Tech platforms for the social good

“Business leaders should think about the broader social impact of their products and platforms,” says Luca. In his years at HBS, Luca has focused his research on, among other things, ways to tackle discrimination in online platforms, coming up with a series of recommendations for Airbnb; helping to improve the design of quality disclosure initiatives; and analyzing the effect of the pandemic on small businesses.

What we wanted to do was zoom out and say: How cost effective are these interventions as a whole?

Chatting with Facebook’s Wernerfelt near the beginning of the pandemic, Luca learned that hundreds of public health organizations were using the platform to conduct various COVID-19 information campaigns.

That conversation planted the seeds for the study. “What we wanted to do was zoom out and say: How cost effective are these interventions as a whole?” Luca says.

The power of experiments…and plenty of data 

The team spent months painstakingly compiling data from Facebook, looking to create as complete a picture of the interventions being run as possible. “Being able to analyze hundreds of experiments gave us a more complete view of the impact of this type of intervention,” says Luca. Rather than looking at any one intervention, the researchers could see the average effect of all of the interventions public health organizations were running on the platform.

Using online platforms proved to be cost-effective. The authors estimate that every $5.68 spent on ads yielded an additional COVID vaccination. That price is far below Ohio’s well-publicized Vax-a-Million lottery campaign, where per-person costs were $68, and it’s lower than the $88 to $380 cost per person for flu vaccination campaigns in the US. 
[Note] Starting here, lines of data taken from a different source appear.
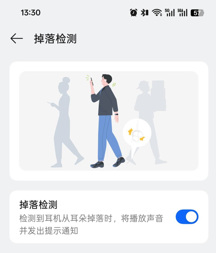 运动佩戴更省心,基于 10000+人耳模型 C 桥,耳机黄金球豆距设计,无论怎么跑跳都不用担心耳机掉落找不到,避免了“一只耳”的尴尬。如不慎掉落,手机会显示“掉落提醒”,另一只耳机伴有声音提醒,避免丢失,细节拉满。
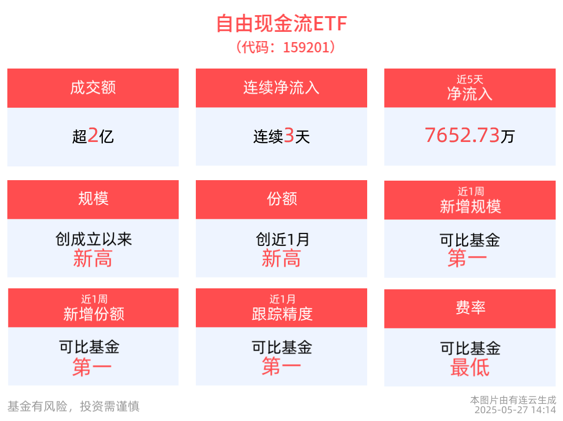 跟踪精度方面,截至2025年5月26日,自由现金流ETF近1月跟踪误差为0.014%,在可比基金中跟踪精度最高。
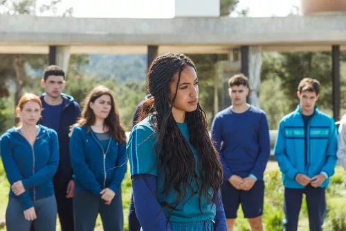 Dariam Coco observa atentamente durante una de las secuencias de 'Bienvenidos a Edén', el drama juvenil de Netflix.
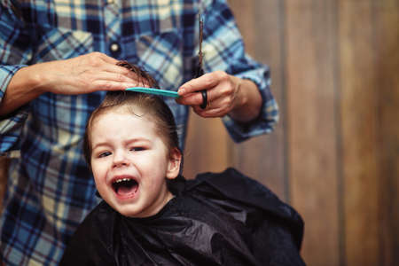 Little boy gets his hair cut with a pair of barber scissors. Close-up of woman hands grooming kid boy hair in barber shop. Portrait of male child at the barber shop to cut his hair.
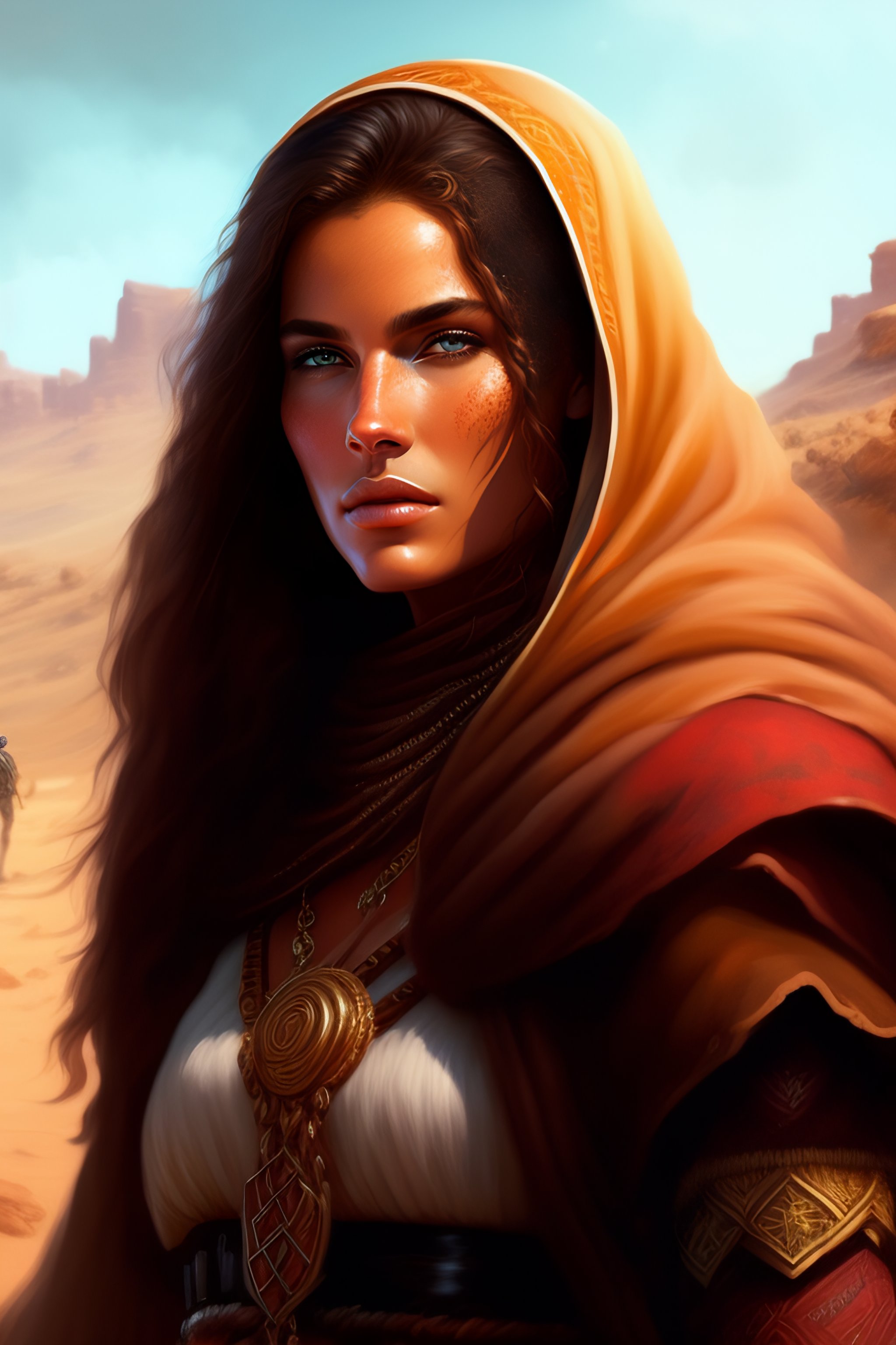 A full body portrait of a beautiful soldiers quarter bedouin blind pulp fiction scarlet wild rogue barbarian leper begging by the roadside, intricate, elegant, highly detailed, digital painting, artstation, concept art, smooth, sharp focus, illustration, brown hair, prepper

Along the way, the team also provided takeaways to Facebook. They helped to encourage the company to take a deeper look at its social impact, in ways that go beyond the company’s typical approach to experimentation. And, they demonstrated the value for companies to conduct their own meta-analyses, learning across the many experiments that are now run within the tech sector. 

Tool could be used more broadly

The results are important for health agencies as well, in that they show online platforms provide another tool for public health officials and nonprofit leaders to use in their messaging campaigns.

“Social media can be a cost-effective way to reach people with new information,” Luca says.

Luca, who co-leads the Platform Lab at Harvard Business School, is continuing his collaboration with Athey, who directs the Golub Capital Social Impact Lab at Stanford, and Wernerfelt, who is leaving Meta to start a job as an assistant professor at Northwestern University this summer. The team plans to continue exploring ways to leverage social media to have a positive social impact.